As I mentioned before, lowering the AMD --sector-encoding-concurrency to 1 lowered its sector creation rate significantly. I’ve now changed it to 2…

So concurrency somehow causes higher memory usage, even on Intel (the fact that it got there once means that it can get there at some point later as well, likely when replotting kicks in).

Very interesting, I have no idea why this might be happening yet and I was running in a VM on Windows 11 Pro with sector concurrency 2 for a few hours and have not seen quite this dramatic increase in memory usage. It is a VM running on AMD Threadripper 7970X host with number of CPU cores limited 16.

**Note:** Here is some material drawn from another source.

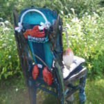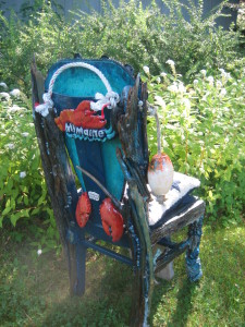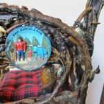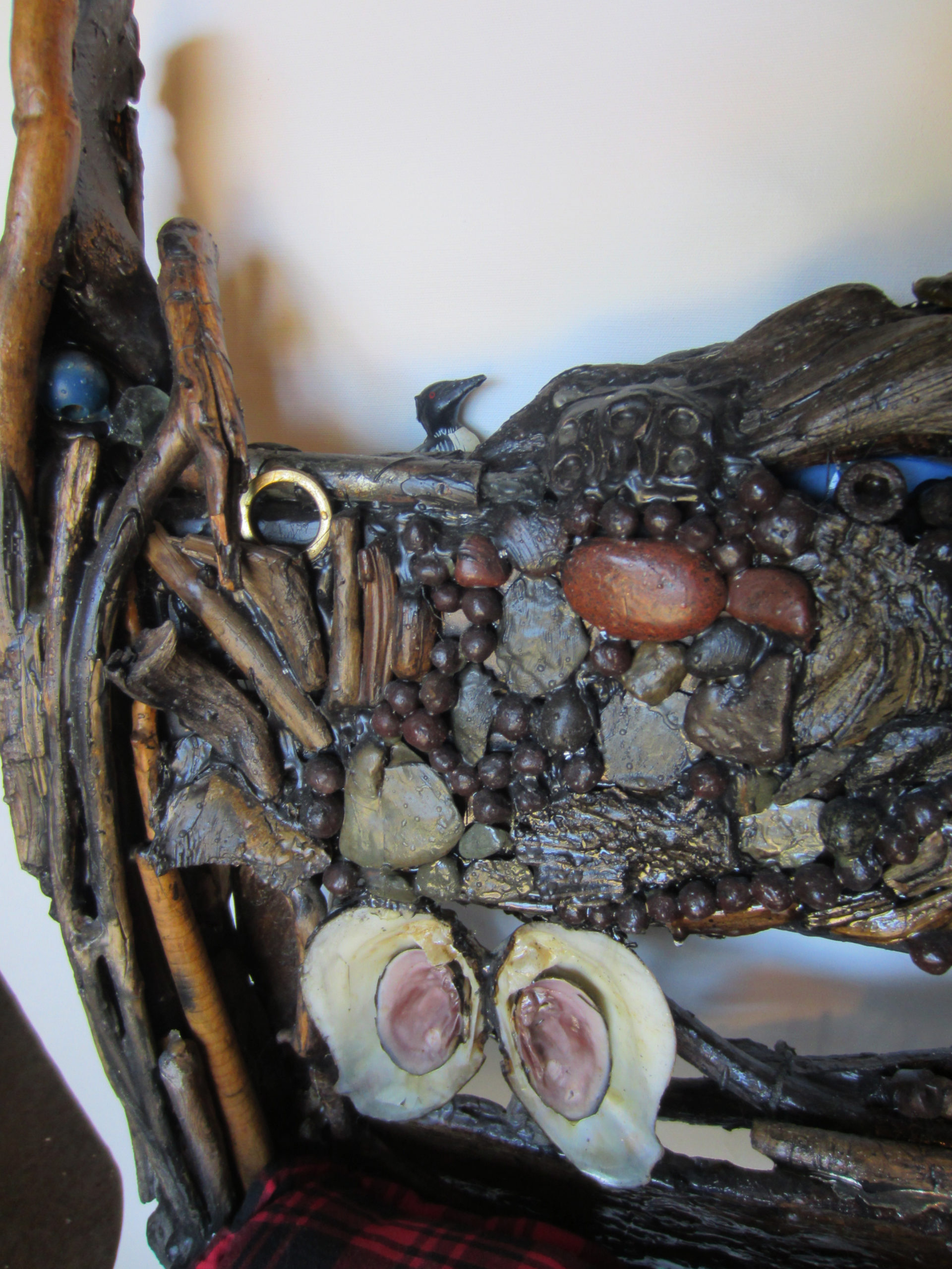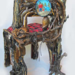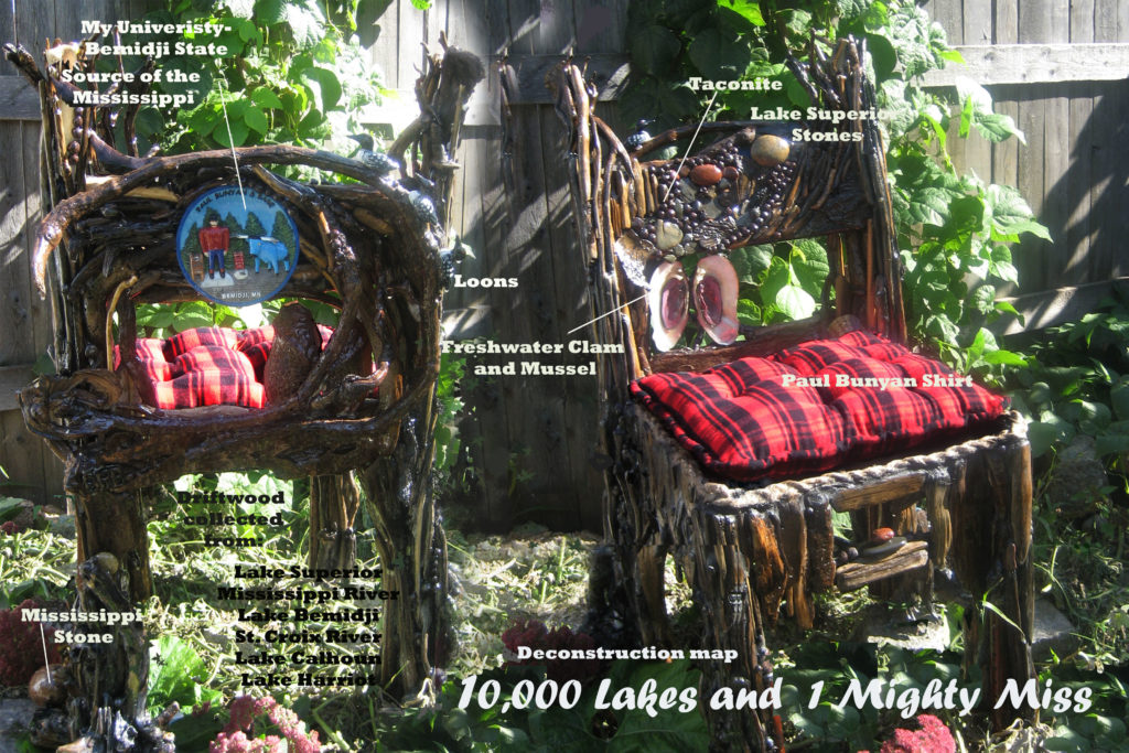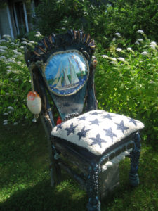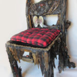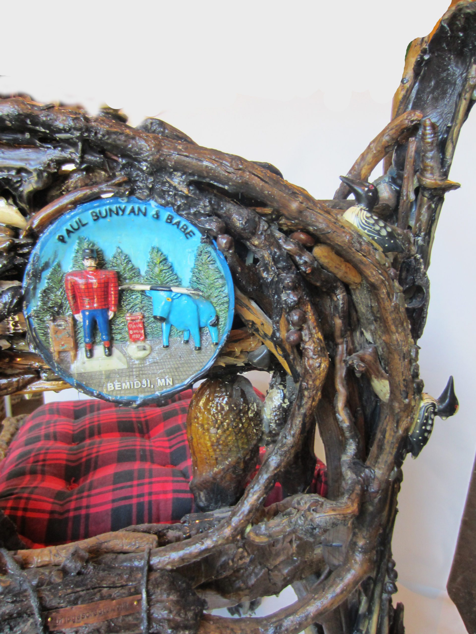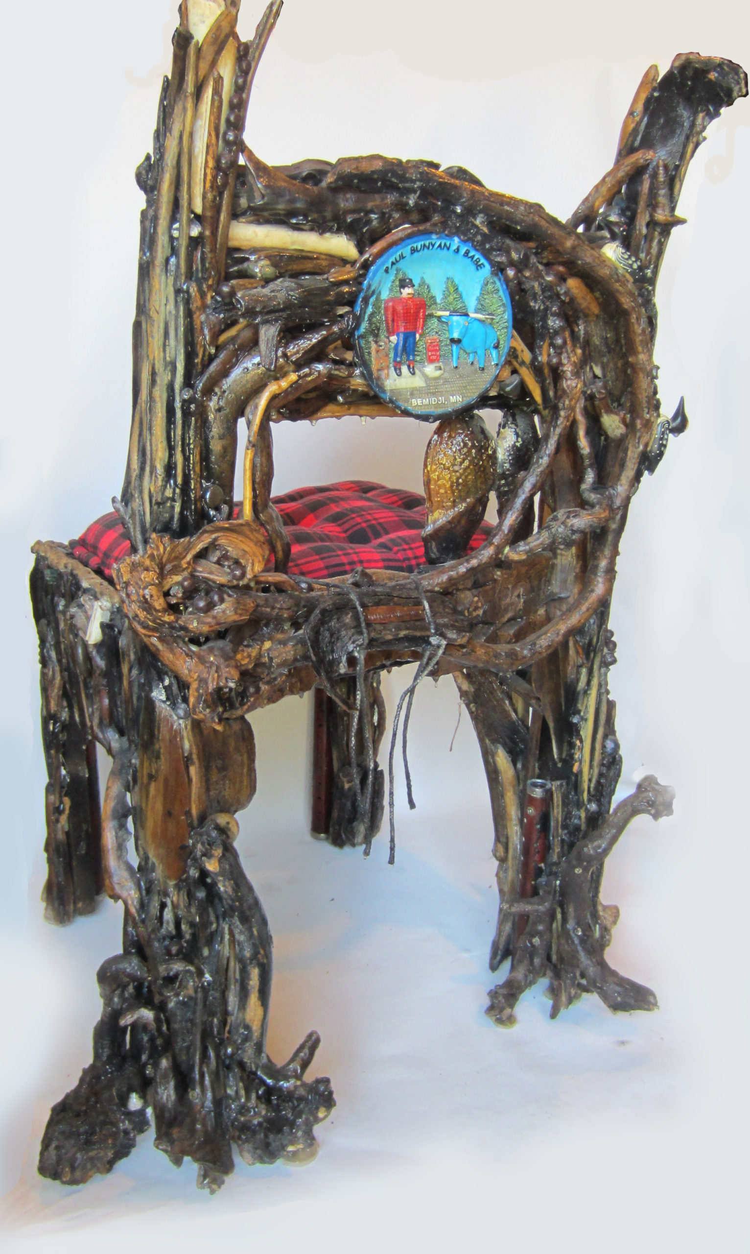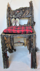 26″ W X 48″ T X 28″ D Mixed Media, Rescued chair, drift wood, zebra mussel, taconite, Paul Bunyan plate, plaid fabric

It went down because lower concurrency is less efficient on that particular processor. Now we just need to figure out why it is using inadequately more memory with higher concurrency. Can you maybe set sector concurrency on AMD to 3 for fun and see how much time it takes for it to consume 40G of memory? Ideally it’d do that shortly after start, so we have a reliable reproduction.

It is still suboptimal, I see you have many disks with multiple farms on them, which is less efficient for auditing and plotting, it is not necessary to do that for a very long time now (it was beneficial in some cases in much older versions of Gemini 3h software, but not anymore). Though it should not be the reason of high memory usage in another process of course.

Thanks for providing additional details!

【environment】
Windows 11 23H2 Enterprise Edition
CLI gemini-3h-2024-jun-18 skylake
AMD EPYC 7763 CPU + Samsung DDR4 512GB Memory
10 pieces of 15.36T SSD

After running for a period of time, the farmer process will exit!